What gives you joy as an entrepreneur?

The freedom I enjoy. I don’t take this for granted. Though, I show up to work every day, simply because I want to.

What was the negative experience of the early years of your starting your business?

When my parents were retiring to the East in 2010, I couldn’t afford to stay back in Lagos. I had to move to the village with them. I had to walk a long distance to get to the cyber café. I constantly had to deal with people, including friends and family members, who questioned what I was doing.

I wrote my first book with a Nokia 3230 phone because I didn’t have a laptop. I bought my first laptop with the first money I made from my website. Afterwards, I put my earning on hold so that it would stack up into something that could afford me to move back to Lagos. When I finally requested the payment from Google, it turned out that some unknown persons had hijacked my account and cleared the cheque. I had to start saving all over again. There were lots of discouraging times. But in all, I always believed that “this too will pass.”

What is your advice to the multitude of applicants waiting for white collar jobs?

Being unemployed is a choice. That is my belief. You are unemployed when you don’t have anything doing, right? If we are talking about underemployment, then that’s a different topic.

A friend of mine, who works with one of the most successful digital marketing agencies in Nigeria, simply approached them and offered to work for free for six months. He has been with them for close to two years and now earn a salary. The last time we spoke, he was planning on starting his own agency. Imagine if he was still waiting to get the perfect job.

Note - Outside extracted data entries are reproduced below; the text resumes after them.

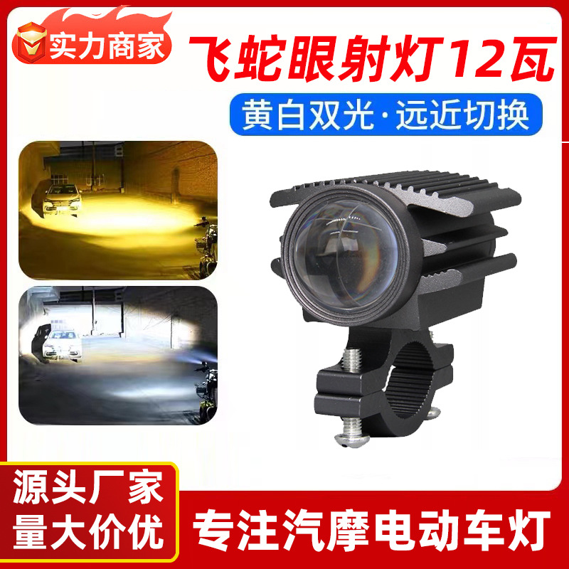 電動バイク用射灯、黄白2色、遠近光LED、高輝度フロントライト、2色外付け改造ヘッドライト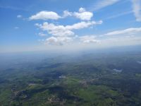 Compliqué de décoller, je m'y prends à quatre fois. Par contre ca monte en sortie de déco. Un thermique me monte à 2300m, et je pars dans le dérive du vent. Changement de cap pour une route plus sud pour éviter une TMA (qui n'existe pas, mais je ne l'apprendrai qu'à mon retour @!$%). À 60km/h de vitesse sol, on arrive rapidement un peu avant Aydat, où je remonte à 2300m. J'aimerais poursuivre avec les nuages vers le sud-est, mais encore cette TMA à l'est qui n'existe que dans ma tête me bloque. Je poursuis ma route vers le sud. Vient un moment où je me fais descendre continuellement et je finis sur le plancher des vaches.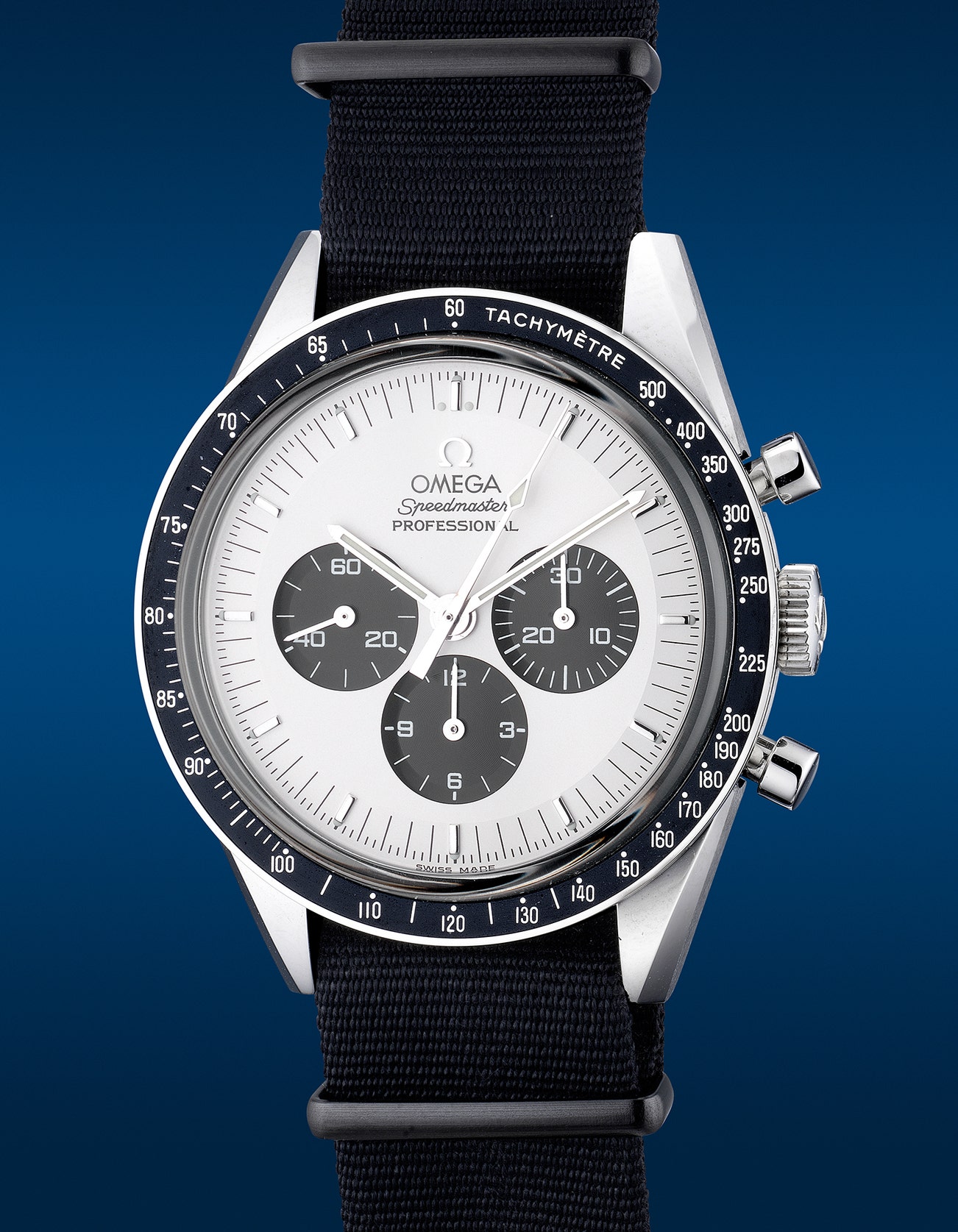 - Boasting a unique flair, the present example has been tailored to the original owner’s taste, flaunting a dual-tone Omega Mitsukoshi “panda” dial, paired with a black nylon strap that emphasises the black registers.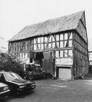 Laut Inschrift 1823 erbaute Scheune als Teil des ehemals im Norden vollständig geschlossenen Scheunengürtels. Die geschoßhohen, stets den Kreuzungspunkt Stiel-Riegel schneidenden Streben bestimmen das Bild des Fachwerks. Zum Teil liegt das sorgfältig hergestellte Flechtwerk der Gefache unverputzt offen. Giebelseitig eine lange, urwüchsige Schwelle sowie eine Verkleidung aus handgestrichenen Biberschwanzziegeln.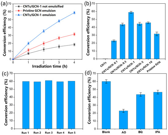 Based on the optimized emulsion system, photocatalytic BA conversion efficiency over different hybrids was performed, as shown in Figure 7b. All the hybrids showed improved CE towards BA oxidation under 4 h irradiation, compared with pristine GCN (Table S1). The CNTs/GCN-1 showed the highest CE (59.2%), which is consistent with the PEC measurement. The photocatalyst can be easily recovered and cyclically used after the reaction by centrifuging the emulsion and re-dispersing it in the oil/water system. Thus, the recyclability of the hybrids was performed, and the CE in each cycle was listed, as shown in Figure 7c, the CE of BA did not decrease significantly after 5 cycles, highlighting the excellent reusability of the emulsion photocatalytic system [41]. In addition, the characterizations of the CNTs/GCN-1 after the photocatalysis reaction showed that there was no crystalline structure deformation or functional group loss (Figure S8), confirming stability against repeated utilization.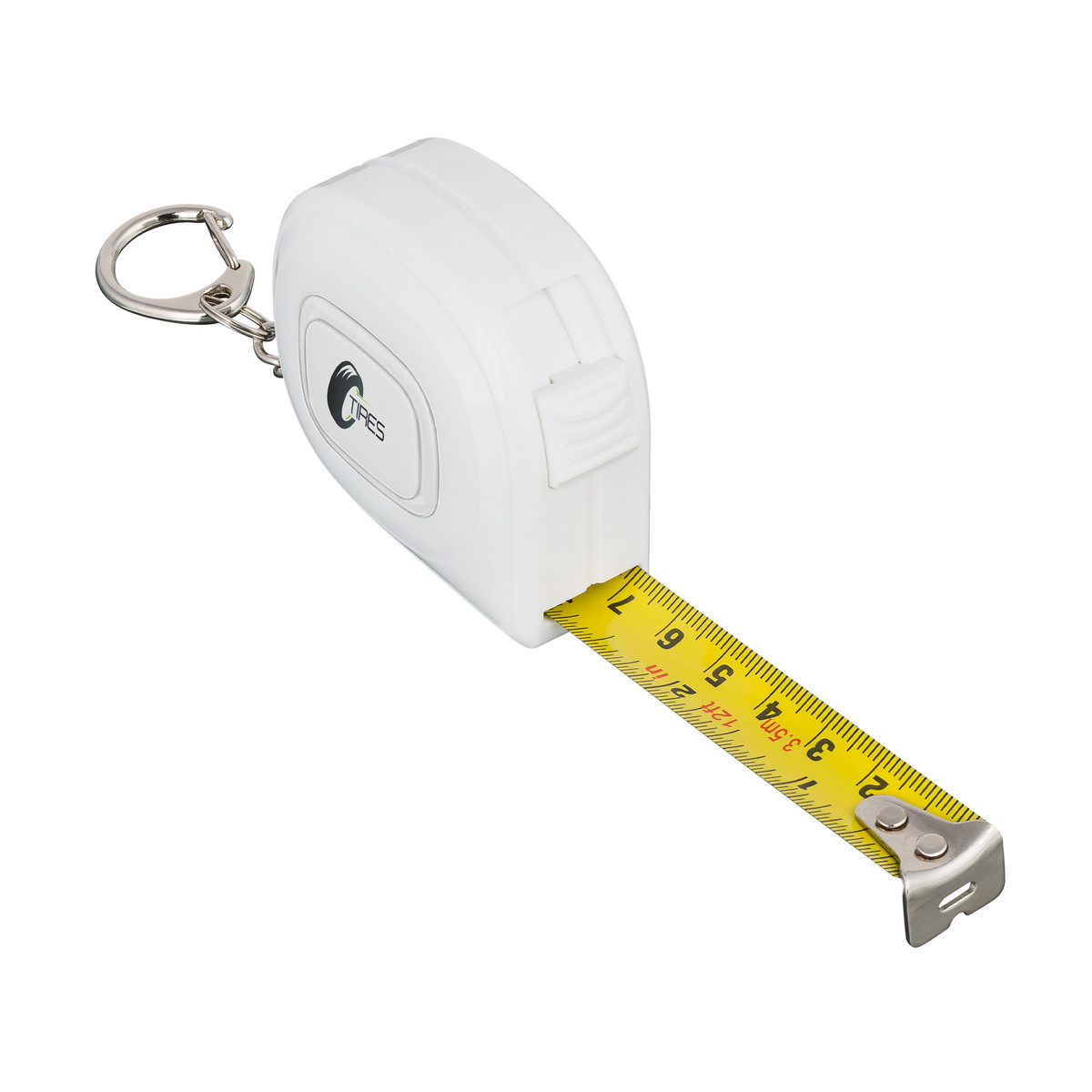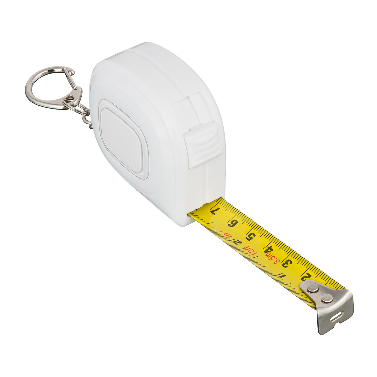The tape measure markings in centimetres and inches are easy to read. The tape measure has a carabiner clip to attach it to your key ring or waistband so that it is always within reach. It can measure up to 3.5 meter.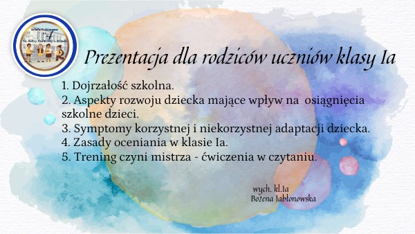Prezentacja dla rodziców uczniów klasy Ia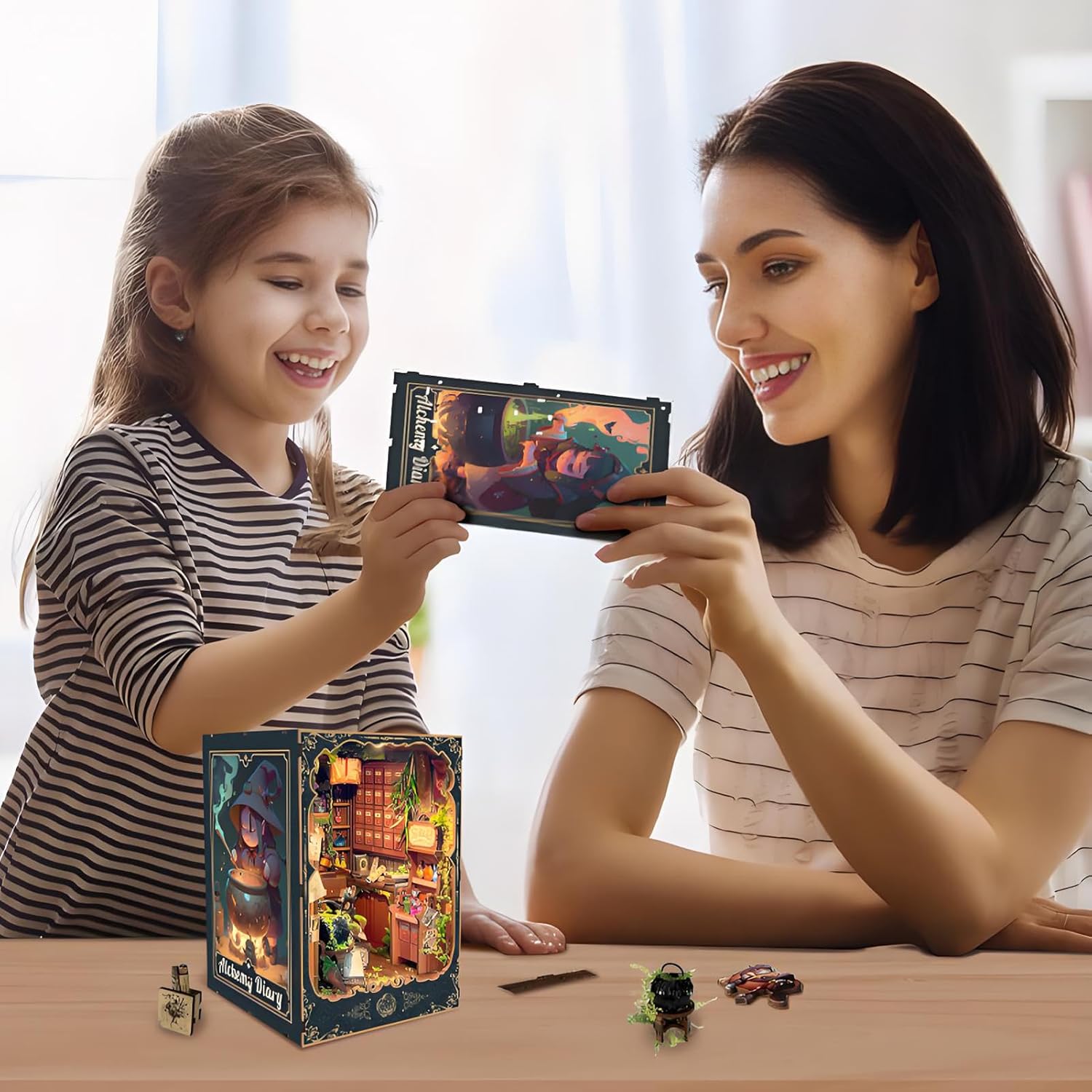 Kit di costruzione per casa delle bambole: questo è uno speciale kit fermalibri in miniatura con un diorama 3D, un angolo del libro e una decorazione tutto in uno. Il micro design nasce da scene reali, puoi immaginarti immerso nell'angolo dei libri, un mondo in miniatura. Può creare possibilità illimitate in uno spazio limitato, che meraviglia. Artigianato e materiale squisiti: il kit fai-da-te per l'angolo del libro è realizzato in legno di alta qualità, perfettamente tagliato al laser, con parti ben adattate, stampa UV ecologica, persino ColorSpray, tutti i materiali sono ecologici e sicuri, senza sbavature e di alta qualità. Ti assicuriamo di usarlo. Questa casa delle bambole deve essere assemblata, anche se sei un principiante, il manuale inglese può guidarti passo dopo passo per completare il kit in miniatura. È adatto a bambini di età superiore a 14 anni. Design unico - LED ambientale: premi per aprire il LED e il kit dell'angolo del libro si accende. Troverai scene in miniatura più interessanti nell'angolo del libro. Quando posizioni Book Nook sullo scaffale, puoi trovare i libri che ti servono attraverso la luce e allo stesso tempo puoi decorare la tua libreria. Quando leggi e lavori, il kit angolo libro viene posizionato sulla scrivania. La luce calda e romantica ti permette di goderti il momento tranquillo del momento. La vita ha bisogno di decorazioni. Regalo, collezione e decorazione perfetti: il kit per l'angolo del libro è un regalo creativo e significativo per San Valentino, compleanno e Natale per i tuoi amici, familiari e amanti. Soprattutto per chi ama l'artigianato, le miniature e il fatto a mano, è un regalo perfetto e da collezione. Ancora più importante, può coltivare la propria abilità manuale e creatività mentre si gode il divertimento del fai-da-te. Quando lo finisci, più che un semplice leggio, il suo aspetto squisito e le luci possono essere usati come decorazione o opera d'arte. ♫♫♫ 【Note importanti】 I kit per gli angoli dei libri della casa delle bambole sono stati controllati attentamente al 100% prima della consegna per garantire che gli accessori siano completi e che non vi siano parti mancanti. Non esitate a contattarci se avete domande durante il montaggio. Risolveremo tutti i problemi il prima possibile. Inoltre, è necessario preparare da soli la colla siliconica liquida e 2 batterie (tipo AA), poiché è vietato spedirle per via aerea.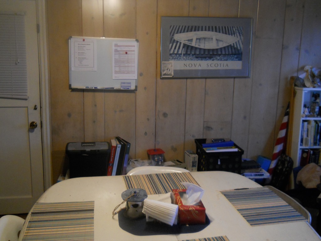 We have the dining room cleared out from any signs of lots of company and holidays. Workboxes set back to rights. We enjoy the table smaller, easier to speak. You just have to look out for the foot wars with the boys.

To that person waiting for the white collar job, I’d say: Get your hands working on something, anything that affords you the opportunity to keep learning and growing, even if you are not paid at first. There are lots of information technology skills you can learn. Not everyone will own a business, I agree; but everyone must find something to do.

What is your background?

I am the seventh child in a family of eight children. Both my parents were traders. We attended primary school thanks to free education in Lagos State. I was the only one in the family that attended a boarding school. We grew up lacking money to afford most of the things we needed, but never lacking in hope and dreams. So we were never poor.

As a student, I was one of those pupils some students would want to sit close to during the exam. Everyone in my family thought I was going to become a medical doctor. I chose to study Petroleum Engineering because I wanted a profession that will help towards making my dream of financial independence by age 26 a reality. I am married and blessed with children.